Damien Chazelle’s recent epic Babylon portrays the early days of Hollywood, before talkies and sound stages when the roads of LA were still unpaved. The three-plus-hour movie depicts the era as one non-stop debaucherous defined by excess, jazz, and piles of cocaine.

That perception of Hollywood’s roots traces back to Hollywood Babylon: filmmaker Kenneth Anger’s 1959 tell-all, which purported to dish on all the ’20s celebs… even as their exploits were essentially exaggerated.

In both Hollywood Babylon, and Babylon itself, there’s one story that sticks out from among the colorful chaos. That of Clara Bow, the famous flapper who came to be known as the world’s first “It girl.” Though she is called Nellie La Roy in Babylon, and played by Margot Robbie, the real-life parallels are instantly recognizable.

Clara Bow

Clara Bow was born around 1905 in a Brooklyn tenement. And she had a rough childhood. Bow’s parents had two daughters before her who both died in infancy.

Her father was absent mostly, though around enough to sexually abuse Bow throughout her teenage years. (These were events that Bow recalled years later in psychotherapy.) Her mentally ill mother, in a fit of psychotic rage, once tried to stab Bow and was committed to a sanitarium.

The same year, at age 13, Bow left school to find work. She entered a magazine contest which won her a role in Beyond the Rainbow. However, her scenes were cut. “I wore myself out trying to find work, going from studio to studio, from agency to agency, applying for every possible part,” Clara Bow once told the journalist Adela Rogers St. Johns But there was always something. I was too young, or too little, or too fat. Usually I was too fat.” A version of this quote appears in Babylon, from the mouth of Nellie La Roy just after visiting her mother at the sanitarium.

Soon, though, all the work would pay. In 2022, Bow’s real debut came in Down to the Sea in Ships. From there, she earned many other silent film roles throughout the decade. But she was typecast; the parts were all cutsie, ditzy… and promiscuous.

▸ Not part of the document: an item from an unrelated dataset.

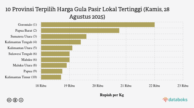 Harga Gula Pasir Lokal di Gorontalo Termahal Nasional (Kamis, 28 Agustus 2025)

Her role in 1927’s Mantrap exemplifies the Clara Bow image perfectly: a party-girl manicurist who serial flirts her way out of trouble. The character was written specifically with Bow in mind. But it was her turn in It, in 1929, which defined Bow’s legacy.

In It, Bow plays Betty Lou, a spunky shopgirl who charms her rich boy boss with the simple pleasures of Coney Island. As the title suggests, Betty Lou is an “It girl.” The term originated in Britain in the early 1900s, and while today it connotes a certain level of class, back then, it was recognized simply as a young socialite who is popular, vivacious, and overtly sexual. Bow was all three.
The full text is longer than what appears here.